Tuesday 4 August 2020

Report: Iran Engaged in a Massive Coronavirus Cover-Up

Iran’s embattled government, which has been working to quell protests that refuse to cease, has been underestimating its published reports about the coronavirus within the Islamic nation, according to a news report.
According to government data obtained by the BBC, 42,000 people in Iran died from COVID-19 through July 20. That’s almost three times the toll of 14,405 that had been reported by the nation’s health ministry.
Overall, official government numbers show 451,024 people infected, almost twice the publicly released figure 278,827.
The figures showed that in Mid-March, deaths spiked to five times the number reported to the public.

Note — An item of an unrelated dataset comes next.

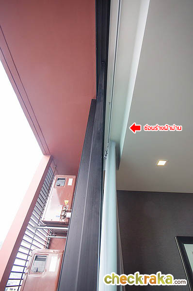 ที่ประตูระเบียงทำเป็นฝ้าหลุม สำหรับซ่อนรางผ้าม่านบังสายตาเพื่อความสวยงาม

The BBC reported the data came from “an anonymous source” and includes “daily admissions to hospitals across Iran, including names, age, gender, symptoms, date and length of periods spent in hospital, and underlying conditions patients might have.”
The data shows that the first COVID-19 death in Iran took place on Jan. 22, almost a month before Iran officially announced the first COVID-19 death on Feb. 19. By the time it made that announcement, 52 people had died.
The health ministry has publicly said that Iran’s reports of cases and deaths are “transparent” and “far from any deviations,” the BBC reported.
On Tuesday, which would have been after the last date covered by the data leak to the BBC, Iran reported a record of 235 COVID-19 deaths, according to Agence France-Presse.
“The situation is worrying,” health ministry spokeswoman Sima Sadat Lari said, adding that “the number of daily hospitalizations in the country is approaching the peak of the disease.”
“Tehran, the most populous province, has turned red for the first time since the first peak of the virus,” she said.

The BBC reported that doctors who have “direct knowledge of the matter” said “security and intelligence bodies inside Iran” are keeping a lid on the real numbers.
Dr. Nouroldin Pirmoazzen, a former legislator who also served as a health ministry official, said the coronavirus hit at a time when Iran’s rulers were in the middle of elections and still coping with the mass protests of last fall.
The government was “anxious and fearful of the truth,” he said.
“The government was afraid that the poor and the unemployed would take to the streets.”